Getting programmers to document their code.

Answer 9

As many people have already responded, the ur-problem which is impossible to solve is the halting problem: write a program H which takes a program P as input and answers whether the input program P is going to loop forever or not. Note that our program H may answer correctly for many input programs, the challenge is to write a program that can answer this for all programs.

Why is the halting problem unsolvable? The proof is pretty simple and rather fun: Assume that we can write the program H which solves the halting problem. (The goal is to show that by assuming this we are going to produce results which are just nonsense, hence our assumption is faulty.) Now, construct a program EVIL which uses H as a subroutine. We can write EVIL like this:

EVIL p = if H p then loop
                else false

A brief explanation is in order. EVIL takes a program and if that program halts then EVIL loops. It the input program loops forever then EVIL returns false.
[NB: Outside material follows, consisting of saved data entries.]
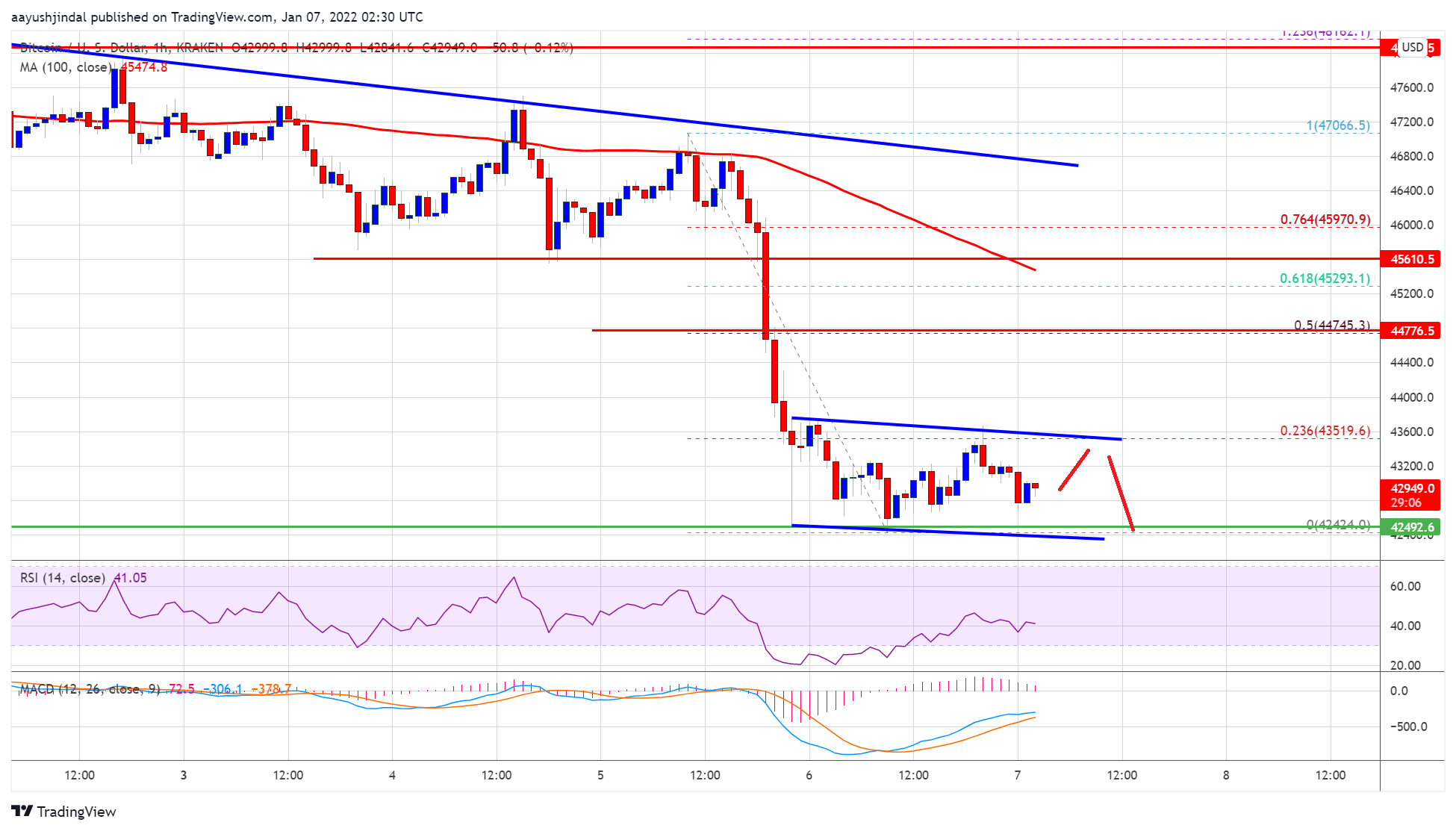 The price settled below the $43,500 level and the 100 hourly simple moving average. There was a clear move below the $43,000 level and the price traded as low as $42,424. It is now consolidating losses above the $42,500 level.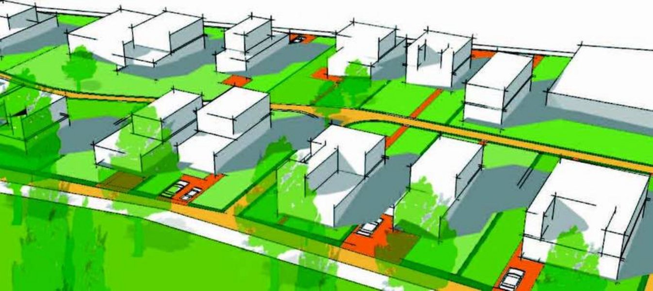 Dadurch wird das Entwurfsgebiet wiederum in Baufelder strukturiert. Hierbei bildet das Erschließungsraster eine feste Ordnung. Innerhalb der Schollen lassen sich je nach Bedarf verschiedene Parzellengrößen definieren.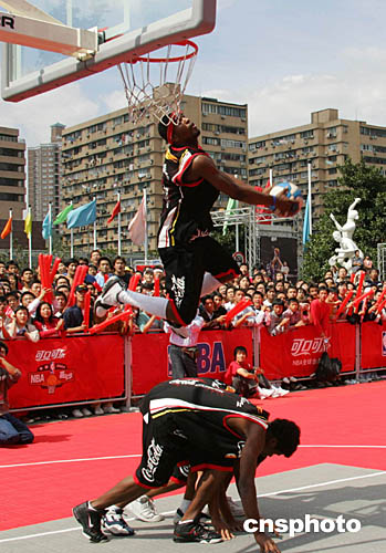 一批來自法國的灌籃高手在上海“二零零四可口可樂NBA嘉年華”開幕式上表演,吸引上海籃球迷觀賞。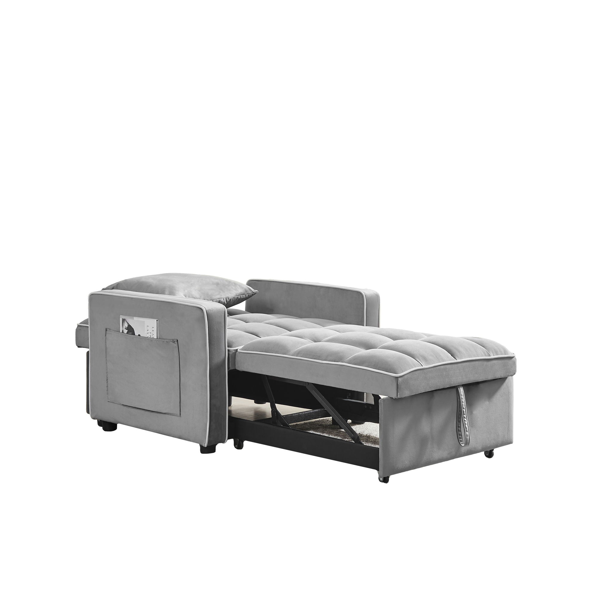 Modern Velvet 3 In 1 Sofa Bed Chair Recliner - Gray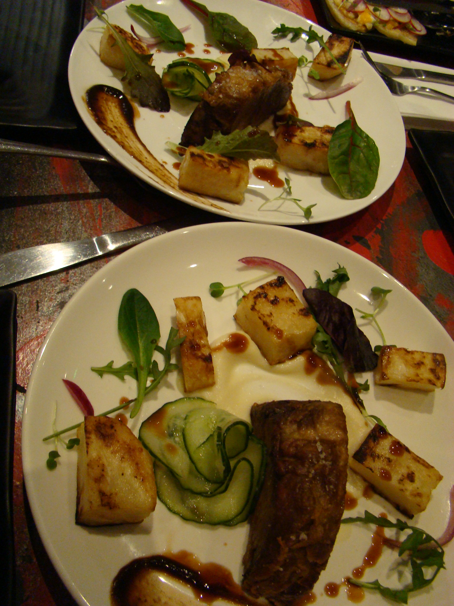 Le déjeuner du midi se base sur les plats « bols » et le soir on a des assiettes aux dressages plus élaborés et aux recettes plus pointues.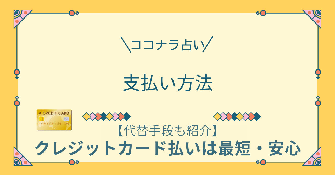 ココナラ占いの支払い方法の中でも、クレジットカード払いは最も早くて安心です。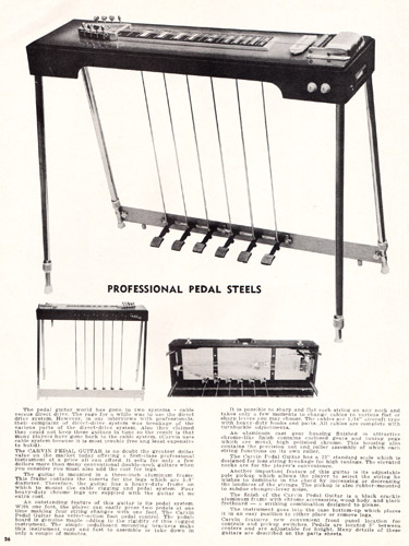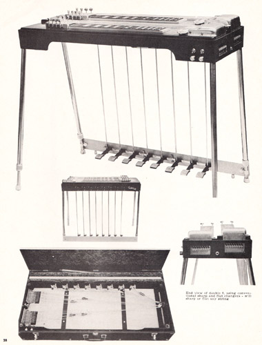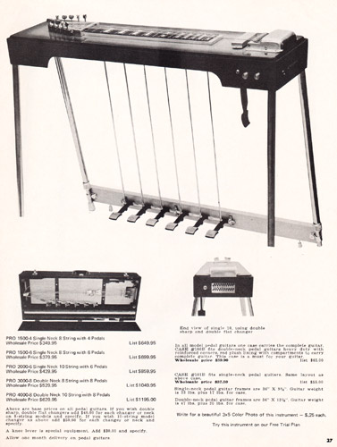 Carvin continued to offer an assortment of pedal steel guitars in 1972, in single and doubleneck versions, with 8 or 10 strings and with or without string changers, which were devices used to drop or raise the pitch of all strings (similar to the modern TransTrem by Steinberger). All Carvin pedal steel guitars had an aluminum frame with wood body, front-mounted controls and AP-Series adjustable pickups. 1972 would be the last year for pedal steel guitars, and 1976 would be the last year for steel guitars of any sort to be offered by Carvin.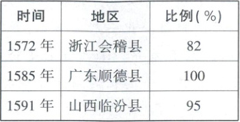 5. 下表是明中后期部分地区以银征收的田赋部分占全部财政收入的比例情况。这反映了当时(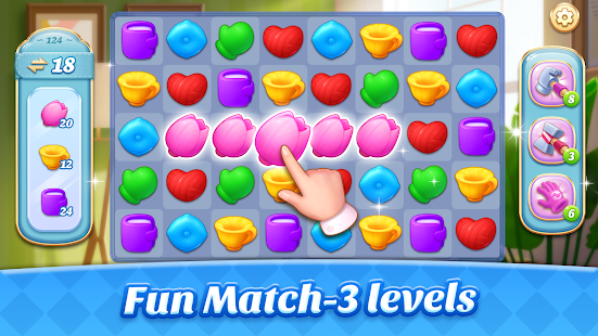 * Design and decorate each house based on shape match 3 to earn more money to buy more items.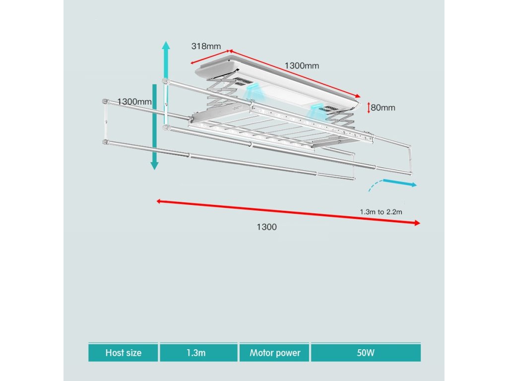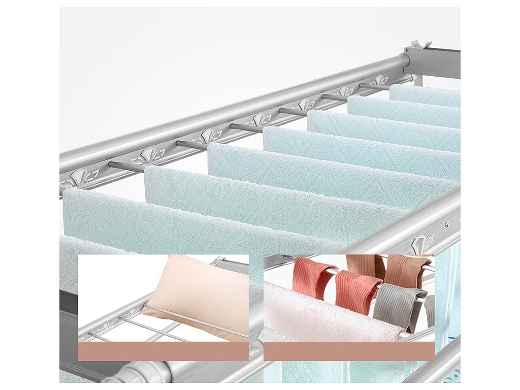 Díky inteligentnímu senzoru se sušák v jakékoliv poloze zastaví, když k němu přiblížíte ruku – bezpečný a přitom plynulý pohyb je základ. Konstrukce z hliníkové letecké slitiny a nosná lana z nerezu GB304 zajišťují stabilitu, odolnost i dlouhou životnost.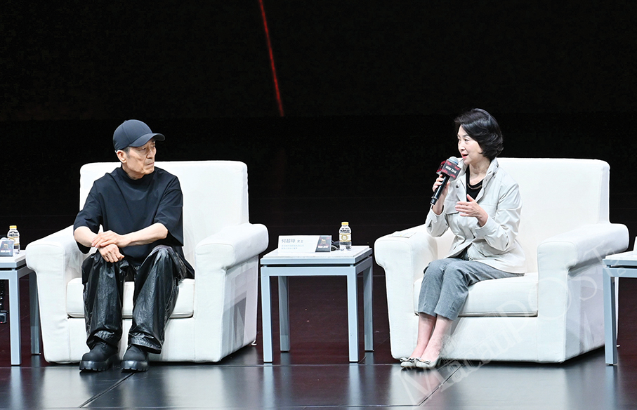 Chinese filmmaker and MGM 2049 Chief Director Zhang Yimou (left) looks on as MGM China Holdings Limited Chairperson and Executive Director Pansy Ho Chiu-king speaks during yesterday’s symposium at the MGM Theatre in Cotai. – Photo: Rui Pastorin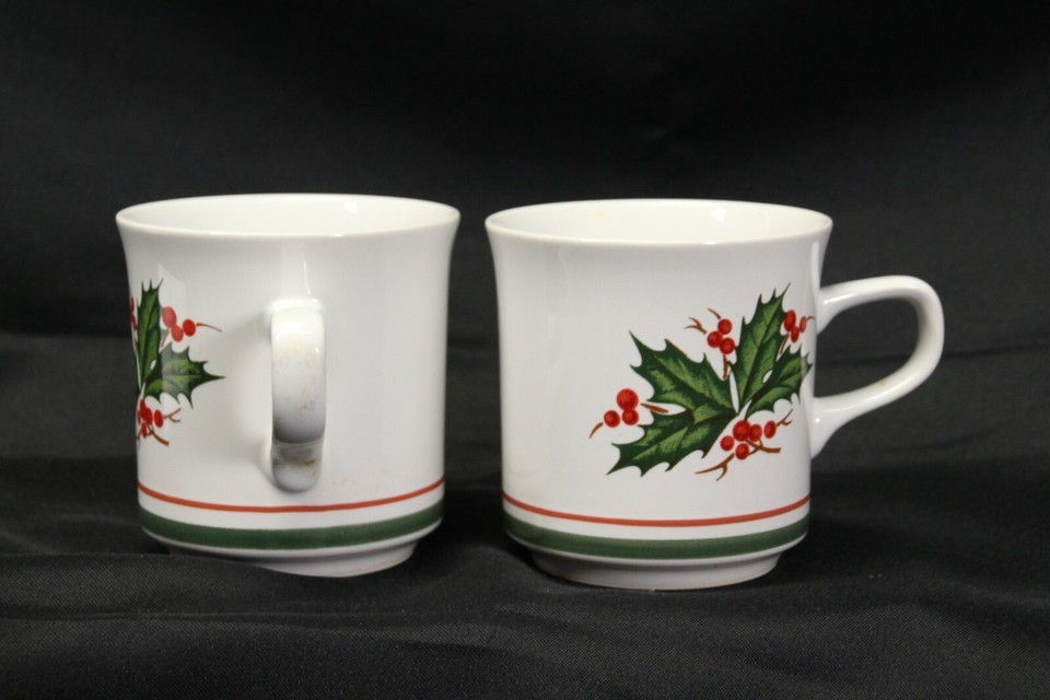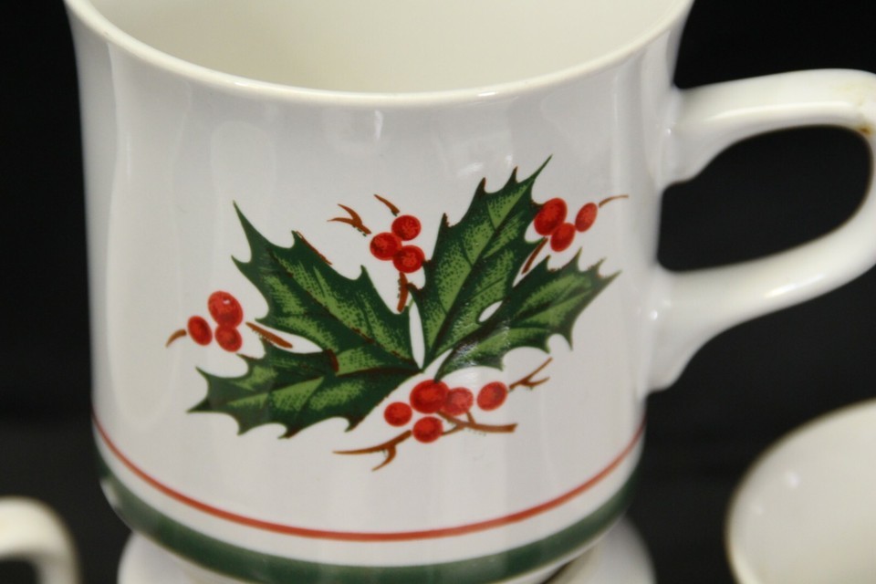Anchor Hocking Holiday Charm Holly Wreath Cups Christmas Lot of 7 Xmas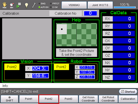 Pressing the [Point 2] button enables registering the vision coordinates and robot coordinates of the second point.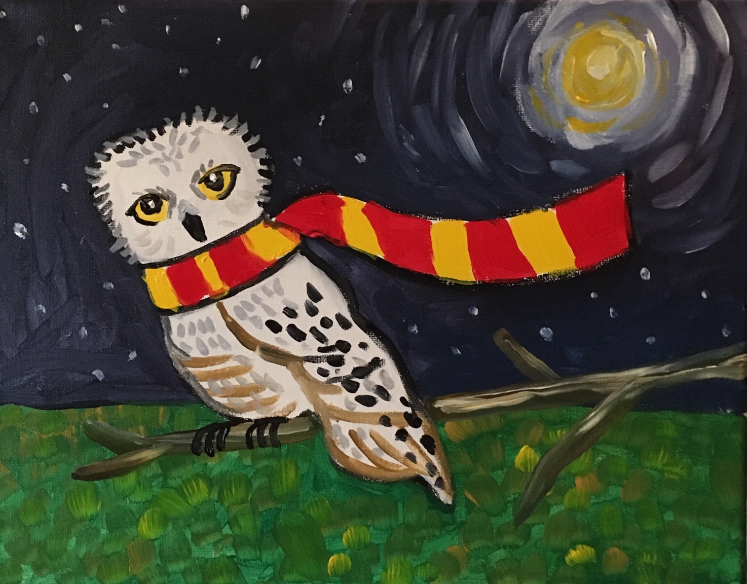 Learn To Paint Hedwig for ages 8-12 on Saturday, November 15, at 1pm. Artist Patti Allen will guide the children step by step through the process of painting Harry Potter's owl on canvas.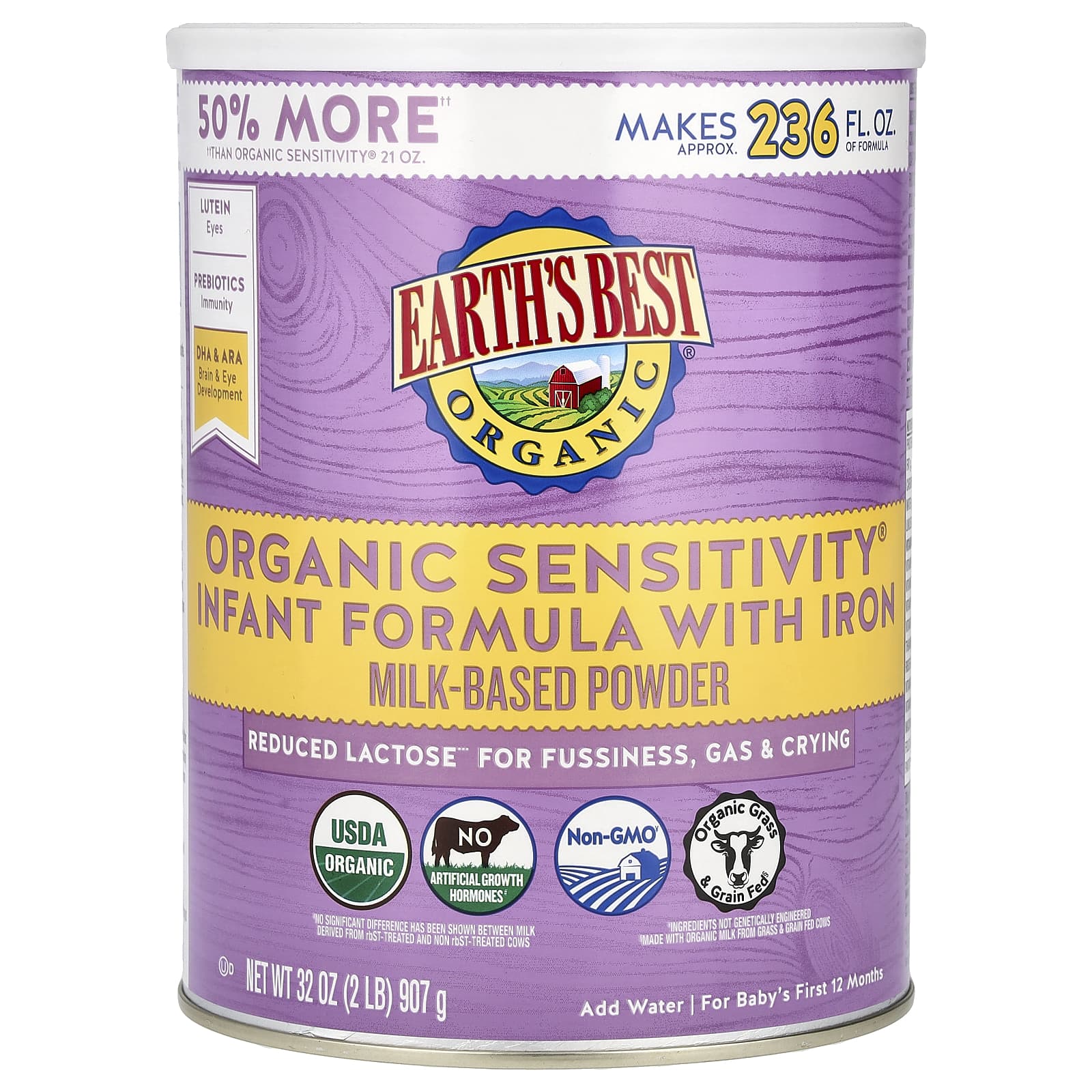 Смесь для младенцев с железом EARTH'S BEST ORGANIC® Sensitivity имеет пониженное содержание лактозы, на 95% меньше лактозы по сравнению с нашей стандартной молочной смесью, что помогает уменьшить нервозность и газообразование. Эта легко усваиваемая † органическая смесь для младенцев с железом отвечает всем требованиям FDA к детскому питанию и не содержит запрещенных синтетических пестицидов и удобрений.

The next step is really cool: apply EVIL to itself! The question is, what will the answer of EVIL EVIL be? It clearly depends on whether EVIL is looping forever or not. Let's consider the two alternatives:

• Suppose EVIL loops forever. But then when we feed is as input program to itself it must return false since H detected that it would loop forever. But returning false contradicts what we first said that EVIL loops forever so that clearly cannot be the case.

• Ok, so what is EVIL doesn't loop. Well, when we feed EVIL to itself it will just loop because H returned true. So we have a contradiction here as well.

Bummer! Both the alternatives (EVIL loops or it doesn't) leads to contradictions. So our assumptions must be faulty. There is no such program as H which can decide whether a function halts or not.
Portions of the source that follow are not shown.